* DATA SUPPLIED *

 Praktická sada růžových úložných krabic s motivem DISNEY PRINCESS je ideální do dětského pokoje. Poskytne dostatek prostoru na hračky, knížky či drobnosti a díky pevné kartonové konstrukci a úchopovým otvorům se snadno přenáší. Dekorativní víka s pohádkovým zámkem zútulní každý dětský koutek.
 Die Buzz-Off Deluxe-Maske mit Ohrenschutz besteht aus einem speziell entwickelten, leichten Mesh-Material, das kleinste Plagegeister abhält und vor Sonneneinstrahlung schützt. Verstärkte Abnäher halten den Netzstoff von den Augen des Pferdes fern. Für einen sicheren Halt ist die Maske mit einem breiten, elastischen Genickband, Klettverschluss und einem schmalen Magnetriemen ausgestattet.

* * *

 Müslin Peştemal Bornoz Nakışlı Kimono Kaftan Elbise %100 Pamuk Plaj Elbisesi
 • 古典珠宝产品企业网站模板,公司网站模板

* * *

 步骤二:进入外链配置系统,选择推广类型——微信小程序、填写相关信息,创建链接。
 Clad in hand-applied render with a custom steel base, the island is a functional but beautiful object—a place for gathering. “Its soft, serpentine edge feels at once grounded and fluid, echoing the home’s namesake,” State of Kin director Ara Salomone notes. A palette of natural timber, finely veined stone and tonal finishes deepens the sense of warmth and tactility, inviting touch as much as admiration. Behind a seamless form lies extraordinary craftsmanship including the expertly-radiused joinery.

* REQUIRED ACTION *
Please, from the material above, copy only the lines from the line with "步骤二:进入外链配置系统,选择推广类型——微信小程序、填写相关信息,创建链接。" up to and including the line with "Clad in hand-applied", exactly as written.

* ANSWER SECTION *
 步骤二:进入外链配置系统,选择推广类型——微信小程序、填写相关信息,创建链接。
 Clad in hand-applied render with a custom steel base, the island is a functional but beautiful object—a place for gathering. “Its soft, serpentine edge feels at once grounded and fluid, echoing the home’s namesake,” State of Kin director Ara Salomone notes. A palette of natural timber, finely veined stone and tonal finishes deepens the sense of warmth and tactility, inviting touch as much as admiration. Behind a seamless form lies extraordinary craftsmanship including the expertly-radiused joinery.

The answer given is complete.